On Tue, 2 Feb 2021 at 08:56, chin <ultrachin@163.com> wrote:
>
>
>
>
> At 2021-01-13 16:30:14, "Vincent Guittot" <vincent.guittot@linaro.org> wrote:
> >On Wed, 13 Jan 2021 at 04:14, chin <ultrachin@163.com> wrote:
> >>
> >>
> >>
> >>
> >> At 2021-01-12 16:18:51, "Vincent Guittot" <vincent.guittot@linaro.org> wrote:
> >> >On Tue, 12 Jan 2021 at 07:59, chin <ultrachin@163.com> wrote:
> >> >>
> >> >>
> >> >>
> >> >>
> >> >> At 2021-01-11 19:04:19, "Vincent Guittot" <vincent.guittot@linaro.org> wrote:
> >> >> >On Mon, 11 Jan 2021 at 09:27, chin <ultrachin@163.com> wrote:
> >> >> >>
> >> >> >>
> >> >> >> At 2020-12-23 19:30:26, "Vincent Guittot" <vincent.guittot@linaro.org> wrote:
> >> >> >> >On Wed, 23 Dec 2020 at 09:32, <ultrachin@163.com> wrote:
> >> >> >> >>
> >> >> >> >> From: Chen Xiaoguang <xiaoggchen@tencent.com>
> >> >> >> >>
> >> >> >> >> Before a CPU switches from running SCHED_NORMAL task to
> >> >> >> >> SCHED_IDLE task, trying to pull SCHED_NORMAL tasks from other
> >> >> >> >
> >> >> >> >Could you explain more in detail why you only care about this use case
> >> >> >>
> >> >> >> >in particular and not the general case?
> >> >> >>
> >> >> >>
> >> >> >> We want to run online tasks using SCHED_NORMAL policy and offline tasks
> >> >> >> using SCHED_IDLE policy. The online tasks and the offline tasks run in
> >> >> >> the same computer in order to use the computer efficiently.
> >> >> >> The online tasks are in sleep in most times but should responce soon once
> >> >> >> wake up. The offline tasks are in low priority and will run only when no online
> >> >> >> tasks.
> >> >> >>
> >> >> >> The online tasks are more important than the offline tasks and are latency
> >> >> >> sensitive we should make sure the online tasks preempt the offline tasks
> >> >> >> as soon as possilbe while there are online tasks waiting to run.

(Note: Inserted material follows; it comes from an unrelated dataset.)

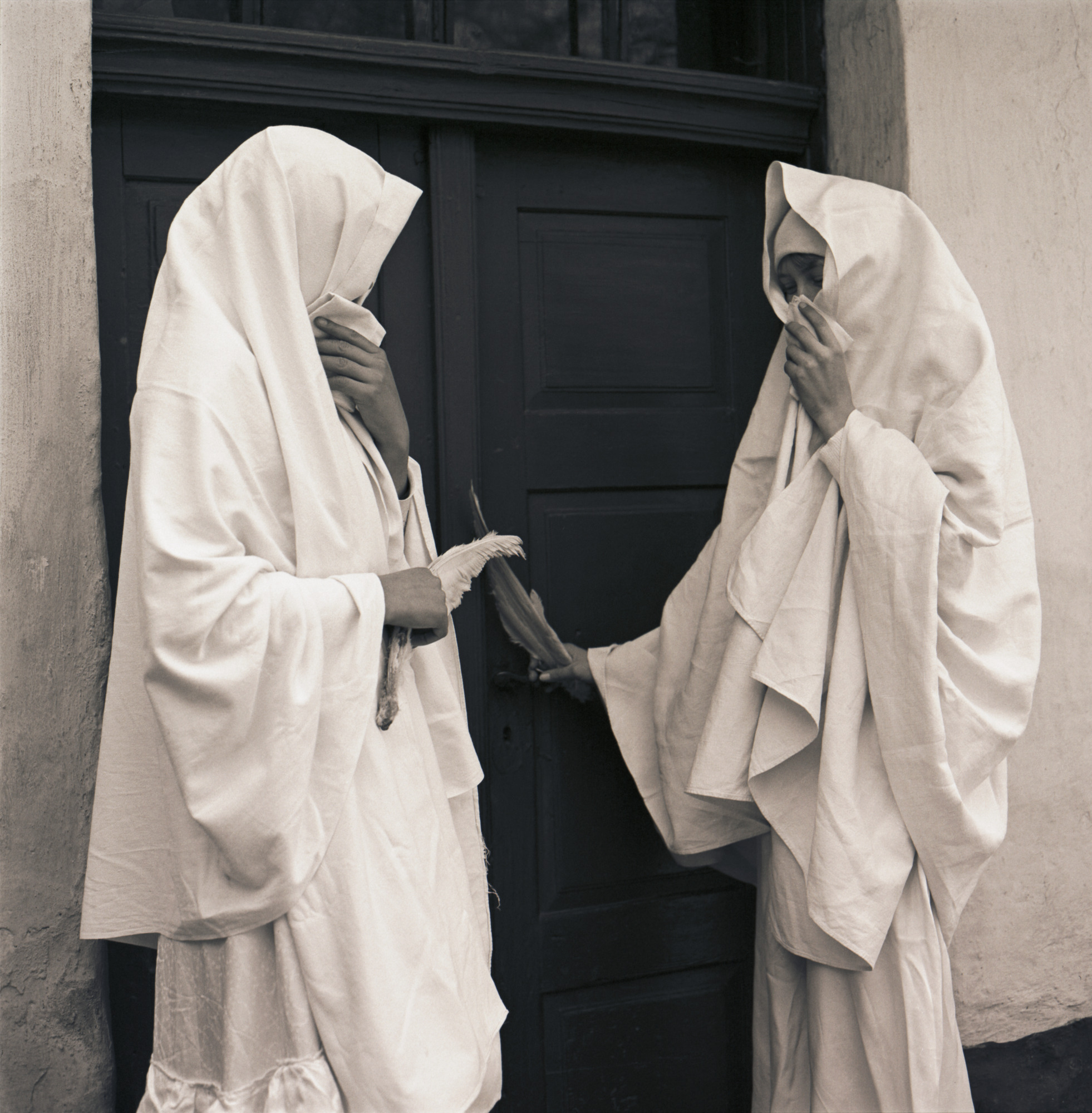 1. Descripton Na obchôdzky chodilo viac skupiniek Lucií, od menších dievčat (školáčiek) až po dievky. Dve maskované Lucie pred vchodom do obytného domu. Sú oblečené v bielom a v ruke držia husie krídlo.

> >> >> >> So in our situation we hope the SCHED_NORMAL to run if has any.
> >> >> >>
> >> >> >> Let's assume we have 2 CPUs,
> >> >> >> In CPU1 we got 2 SCHED_NORMAL tasks.
> >> >> >> in CPU2 we got 1 SCHED_NORMAL task and 2 SCHED_IDLE tasks.
> >> >> >>
> >> >> >>              CPU1                      CPU2
> >> >> >>         curr       rq1            curr          rq2
> >> >> >>       +------+ | +------+       +------+ | +----+ +----+
> >> >> >> t0    |NORMAL| | |NORMAL|       |NORMAL| | |IDLE| |IDLE|
> >> >> >>       +------+ | +------+       +------+ | +----+ +----+
> >> >> >>
> >> >> >>                                  NORMAL exits or blocked
> >> >> >>       +------+ | +------+                | +----+ +----+
> >> >> >> t1    |NORMAL| | |NORMAL|                | |IDLE| |IDLE|
> >> >> >>       +------+ | +------+                | +----+ +----+
> >> >> >>
> >> >> >>                                  pick_next_task_fair
> >> >> >>       +------+ | +------+         +----+ | +----+
> >> >> >> t2    |NORMAL| | |NORMAL|         |IDLE| | |IDLE|
> >> >> >>       +------+ | +------+         +----+ | +----+
> >> >> >>
> >> >> >>                                  SCHED_IDLE running
> >> >> >> t3    +------+ | +------+        +----+  | +----+
> >> >> >>       |NORMAL| | |NORMAL|        |IDLE|  | |IDLE|
> >> >> >>       +------+ | +------+        +----+  | +----+
> >> >> >>
> >> >> >>                                  run_rebalance_domains
> >> >> >>       +------+ |                +------+ | +----+ +----+
> >> >> >> t4    |NORMAL| |                |NORMAL| | |IDLE| |IDLE|
> >> >> >>       +------+ |                +------+ | +----+ +----+
> >> >> >>
> >> >> >> As we can see
> >> >> >> t1: NORMAL task in CPU2 exits or blocked
> >> >> >> t2: CPU2 pick_next_task_fair would pick a SCHED_IDLE to run while
> >> >> >> another SCHED_NORMAL in rq1 is waiting.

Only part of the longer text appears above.